Publicado em 30 de julho de 2026 · por Ismael Samuel

Escola no ultramar francês: calendário de matrículas

Mudar-se da França continental para a Martinica, Guadalupe ou Guiana Francesa com filhos levanta uma pergunta que angustia muitas famílias: em que momento matricular as crianças na escola e junto de quem? A boa notícia é que os três territórios pertencem a academias de pleno exercício, com os mesmos programas, os mesmos diplomas e, no geral, o mesmo calendário regulamentar da França continental. A menos boa é que os prazos locais, a disponibilidade de vagas e a logística de uma mudança transatlântica costumam complicar a teoria.

Este artigo faz o balanço, etapa por etapa, das janelas de matrícula do primeiro ao segundo ciclo, dos interlocutores a contactar conforme o município de chegada e dos documentos a preparar antes mesmo de desfazer as malas. As referências de datas e prazos aqui indicadas são indicativas: variam conforme as academias, as prefeituras e o ano letivo. Confirme sempre junto da escola ou da prefeitura em causa.

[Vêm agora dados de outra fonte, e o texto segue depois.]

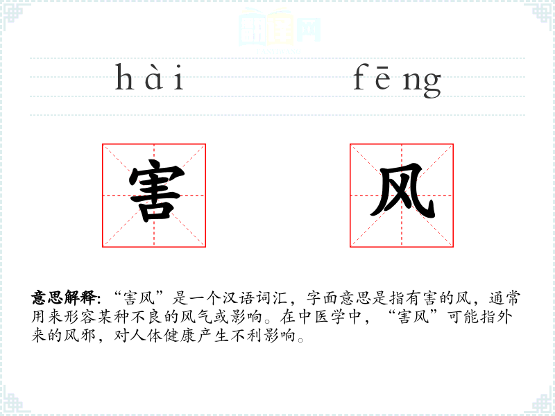 “害风”是一个汉语词汇,字面意思是指有害的风,通常用来形容某种不良的风气或影响。在中医学中,“害风”可能指外来的风邪,对人体健康产生不利影响。

Compreender a organização escolar no ultramar

Antes de falar de calendário, é preciso saber quem decide o quê. A repartição de competências é a mesma da França continental, o que ajuda a orientar-se.

Quem trata do quê

  • A prefeitura (mairie) trata da matrícula na escola maternal e no ensino primário (primeiro ciclo). É ela que emite o certificado de matrícula e que atribui à criança uma escola segundo o mapa escolar do município.
  • O collège depende do conselho departamental quanto aos edifícios, mas a colocação passa pelos serviços da Direction des services départementaux de l’Éducation nationale (DSDEN) da academia.
  • O lycée depende da região (coletividade territorial única na Martinica e na Guiana Francesa) quanto às instalações, e da academia quanto à colocação.
  • Cada um dos três territórios tem o seu próprio reitorado: academia da Martinica, academia de Guadalupe, academia da Guiana Francesa.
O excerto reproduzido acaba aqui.